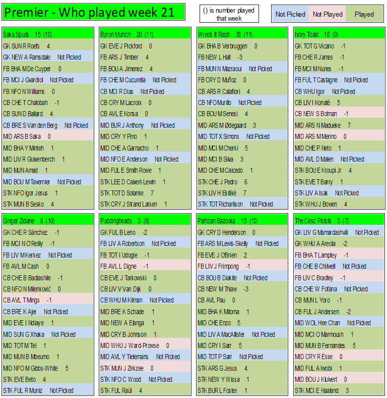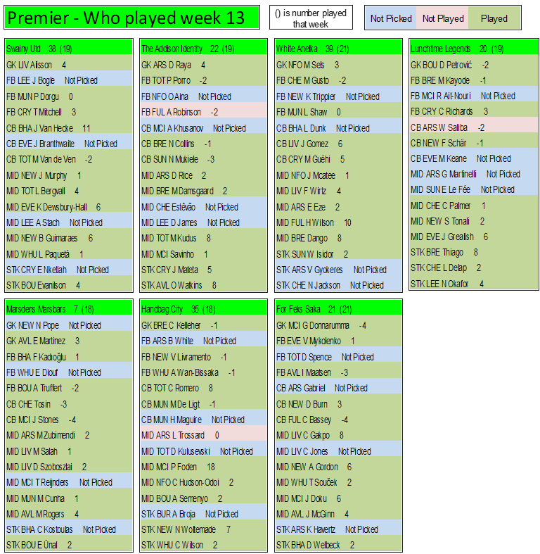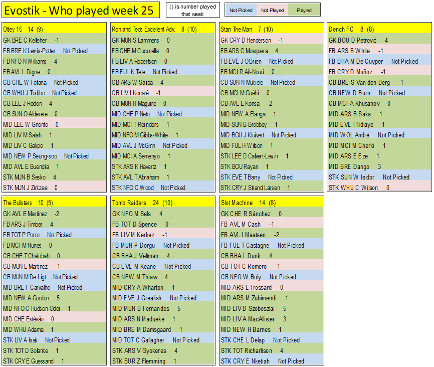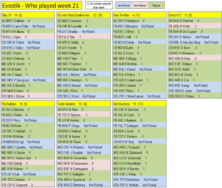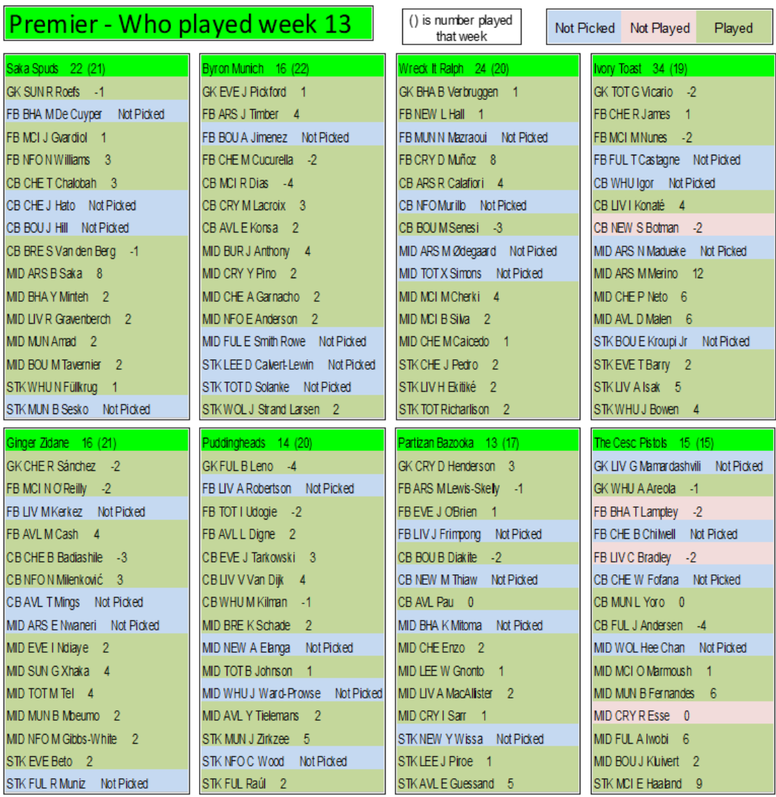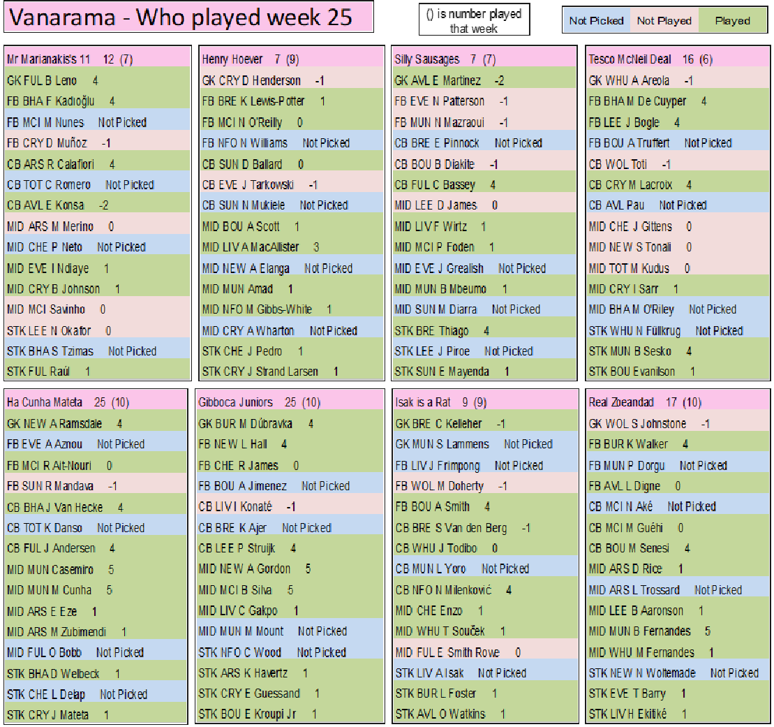 Final week on the final week (If scores are even then it goes on goals, assists, clean sheets, played, If still even then the earliest goal, earliest assist. If still even the player with the most points in the league, if even then the highest score the week before & so on till we have a winner)
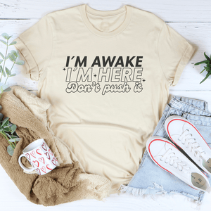 Start your day with a dose of honesty in the "I'm Awake, I'm Here, Don't Push It" t-shirt. Perfect for those mornings when coffee isn’t enough, this tee speaks for you when you’re not ready to speak for yourself. It’s all about setting boundaries with a hint of humor.
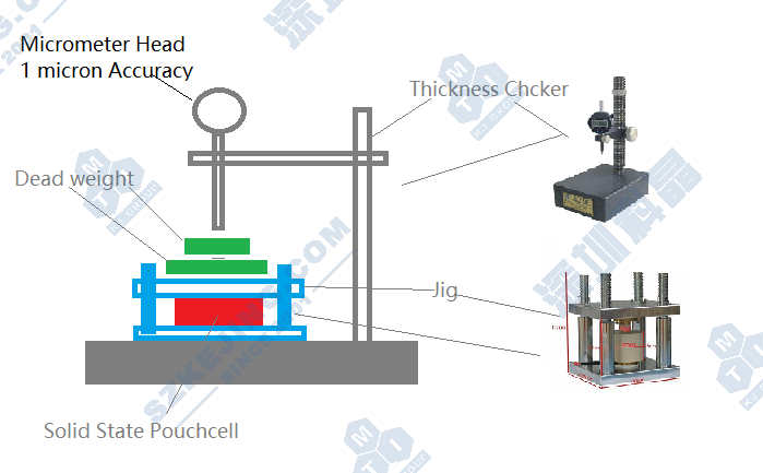 JIG-1是一款機(jī)械夾具,專門用于固定固態(tài)電池或液流電池測試套件,并對電池加壓。同時也可與配重塊和測厚儀配合,來測量固態(tài)電池材料的膨脹壓力和膨脹率
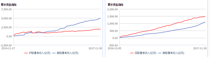 Wind数据显示,截至今年11月30日,沪股通和深股通累计成交4.32万亿人民币,为内地股票市场带来了3388亿人民币的净资金流入。北上资金在A股的持仓规模不断扩大。据港交所统计,三年来,沪股通在A股持股总额增长3.59倍,深股通更是环比增长12.4倍。
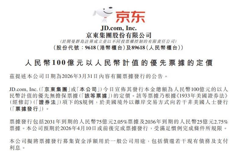 【大河财立方消息】4月2日,京东集团在港交所公告,完成发行100亿元优先票据定价。其中2031年到期的75亿元票据,利率2.05%,以及2036年到期的25亿元票据,利率2.75%,预计4月10日前后完成票据发行,受满足惯例完成条件所规限。
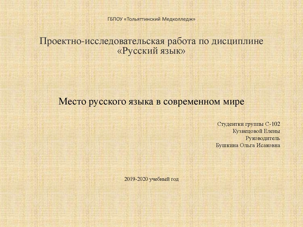 ГБПОУ «Тольяттинский Медколледж»Проектно-исследовательская работа по дисциплине
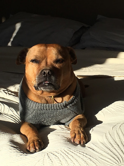 Just this weekend though I had an additional joy. Stella came to stay for one night as her humans were heading off to a party. She came with her bed and blanket and her pyjamas. I kid you not. Her bowl and her dinner and breakfast, all prepared. So I was left with the easy part of remembering what it was like to have a dog in the house. Well it brought me right back to the ground. They remind you that life is not about you – but mostly about them- somehow they are experts at getting us to care enormously about their welfare and their comfort, hence the jammies and the treats and I am sure much else besides. She jumped onto my bed and I found myself reliving the moments when my much larger dog Tara would do the same, and so as not to disturb this blissfully snoring dog I end up on the edge of the bed, practically falling out of it.
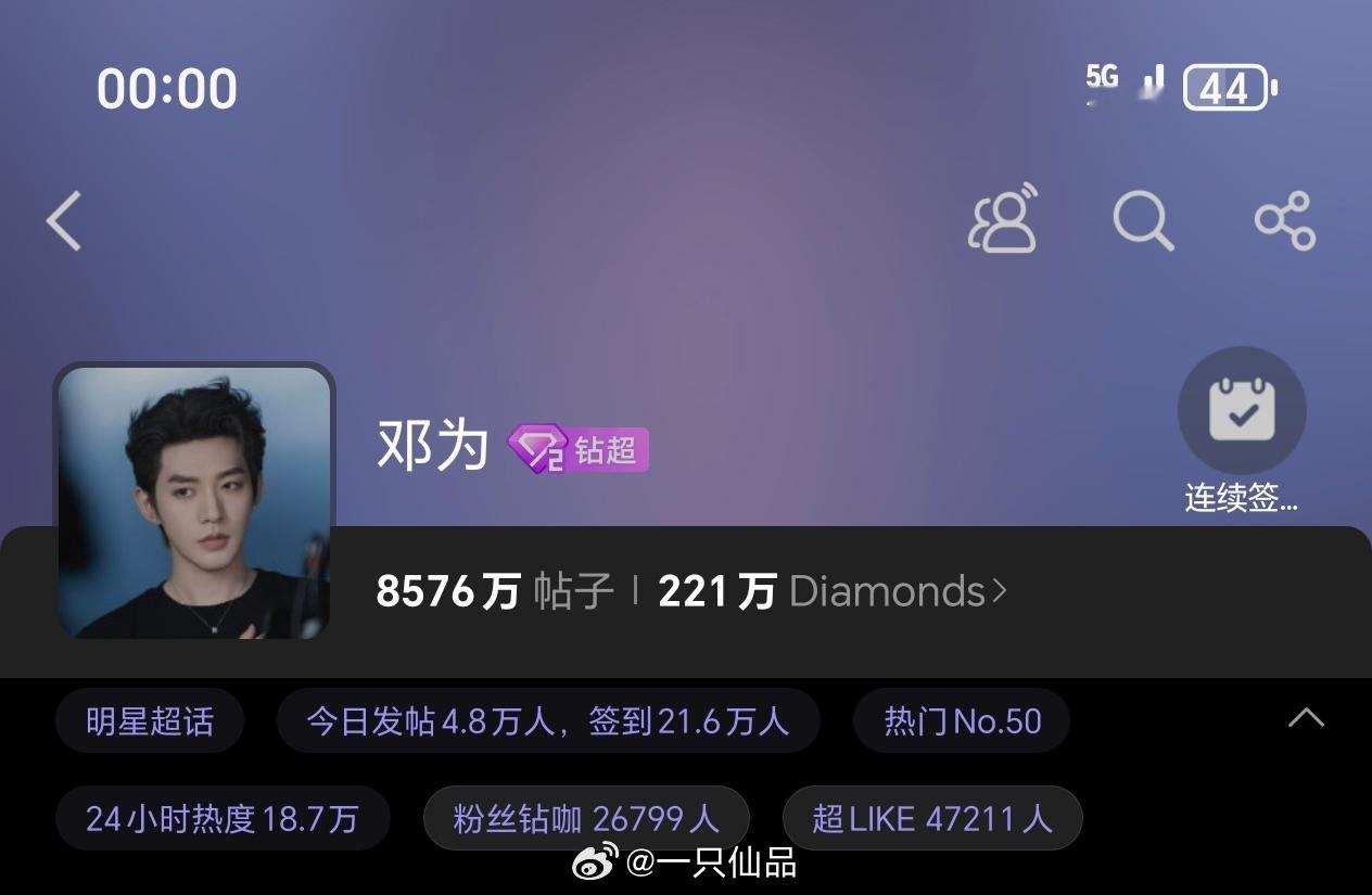 邓为昨日超话发帖4.8万+,超like4.7万+

○ ○ ○ ○ ○ ○ ○

Your reply should hold only the records, duplicated exactly, without any image.

 Final week on the final week (If scores are even then it goes on goals, assists, clean sheets, played, If still even then the earliest goal, earliest assist. If still even the player with the most points in the league, if even then the highest score the week before & so on till we have a winner)
 Start your day with a dose of honesty in the "I'm Awake, I'm Here, Don't Push It" t-shirt. Perfect for those mornings when coffee isn’t enough, this tee speaks for you when you’re not ready to speak for yourself. It’s all about setting boundaries with a hint of humor.
 JIG-1是一款機(jī)械夾具,專門用于固定固態(tài)電池或液流電池測試套件,并對電池加壓。同時也可與配重塊和測厚儀配合,來測量固態(tài)電池材料的膨脹壓力和膨脹率
 Wind数据显示,截至今年11月30日,沪股通和深股通累计成交4.32万亿人民币,为内地股票市场带来了3388亿人民币的净资金流入。北上资金在A股的持仓规模不断扩大。据港交所统计,三年来,沪股通在A股持股总额增长3.59倍,深股通更是环比增长12.4倍。
 【大河财立方消息】4月2日,京东集团在港交所公告,完成发行100亿元优先票据定价。其中2031年到期的75亿元票据,利率2.05%,以及2036年到期的25亿元票据,利率2.75%,预计4月10日前后完成票据发行,受满足惯例完成条件所规限。
 ГБПОУ «Тольяттинский Медколледж»Проектно-исследовательская работа по дисциплине
 Just this weekend though I had an additional joy. Stella came to stay for one night as her humans were heading off to a party. She came with her bed and blanket and her pyjamas. I kid you not. Her bowl and her dinner and breakfast, all prepared. So I was left with the easy part of remembering what it was like to have a dog in the house. Well it brought me right back to the ground. They remind you that life is not about you – but mostly about them- somehow they are experts at getting us to care enormously about their welfare and their comfort, hence the jammies and the treats and I am sure much else besides. She jumped onto my bed and I found myself reliving the moments when my much larger dog Tara would do the same, and so as not to disturb this blissfully snoring dog I end up on the edge of the bed, practically falling out of it.
 邓为昨日超话发帖4.8万+,超like4.7万+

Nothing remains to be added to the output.